From here on, the descent tends to accelerate.
Violence
Not violence in the physical sense (though I have seen it), but in consequence.
Costs escalate and management time drains away. Internal morale dips and if you are not careful external perceptions shift. Opportunity costs accumulate quietly in the background.
Even if someone technically “wins” at this stage, the business itself has already taken a hit – often one that never quite shows up on a balance sheet.
Fraud
At this point, the dispute no longer needs fuel. It runs on inertia. Process begins to matter more than outcome. Each procedural step justifies the next as sdvisors manage exposure rather than direction. Momentum replaces intention.
Ask most people involved at this stage what a good ending would actually look like, and you’ll often get a pause rather than an answer.
Treachery
Dante’s deepest Hell isn’t fire. It’s ice. Here, outcomes are imposed rather than chosen. Relationships are irreparably damaged. Everyone is disappointed – including the party that technically “wins”.
This is usually the point where someone finally says there is no choice left, without noticing how long ago choice slipped away.
What This Has to Do With ADR
One of the persistent misunderstandings about dispute resolution is the idea that it sits at the end of the story. In reality, dispute resolution is about deciding where the story stops.
Mediation works best when there is still flexibility – when parties can still hear risk, imagine alternatives, and retain a sense of control over the outcome. Used properly, it isn’t about concession; it’s about agency.
Arbitration tends to come later, when positions are fixed but parties still want expertise, confidentiality, and an end point that isn’t public theatre. What arbitration is not, though, is the bottom of the descent. It is a decision to stop before disputes freeze into something colder and more damaging.
The real failure in dispute management isn’t losing. It’s letting a dispute run on long enough that the ending is no longer something you actively choose.

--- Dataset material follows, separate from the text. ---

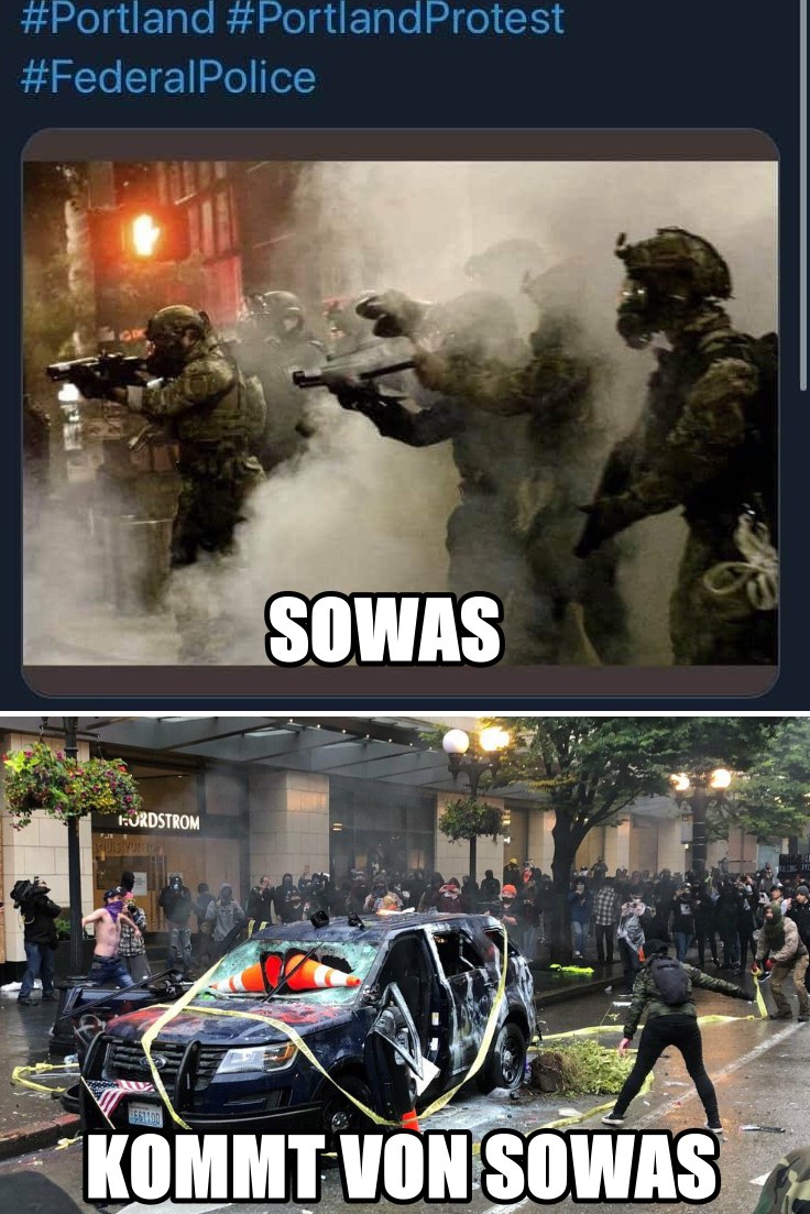 "Bawww wir wollen doch nur Geschäfte plündern, Autos anzünden und weiße Passanten ins Koma prügeln. Und Trump schickt die Bundespolizei, um uns daran zu hindern! Faschismus!!!"

At that point, the question is no longer legal. It’s about governance, judgment, and timing.
The Last Word
I try to finish each Greggonomics with a quote, and there is really only one line from Dante that belongs here – the warning carved above the gates of Hell itself:
“Abandon all hope, ye who enter here.” Dante Alighieri, Inferno
Dante wasn’t talking about drama or punishment. He was describing what happens when choice disappears.

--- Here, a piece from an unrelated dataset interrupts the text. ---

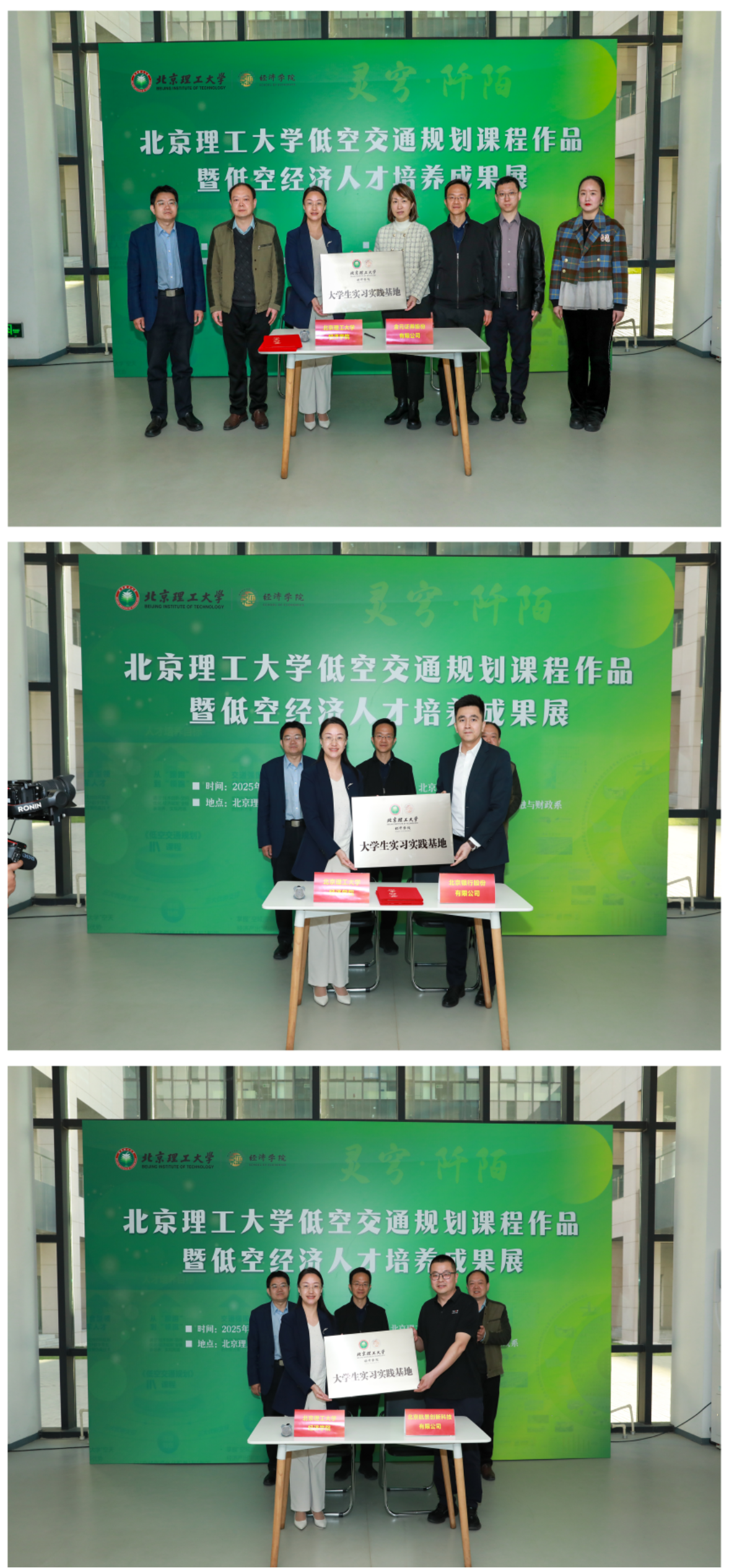 开幕式结束后,全体嘉宾与师生在展览签名墙前合影留念,并纷纷在背景板上写下对低空经济发展的寄语,表达对未来的期待。

Most long-running disputes don’t become damaging because anyone is malicious. They become damaging because hope drains away – hope of resolution, of being heard, of getting back to the business of actually running a business.
By the time people feel they have “no choice left”, they are usually much deeper than they realise.
Our job in 2026 is not to lead people through the gates. It’s to notice when they’re approaching them – and help them turn back while they still can. Because the real failure in dispute resolution isn’t conflict. It’s surrendering agency without noticing you’ve done so.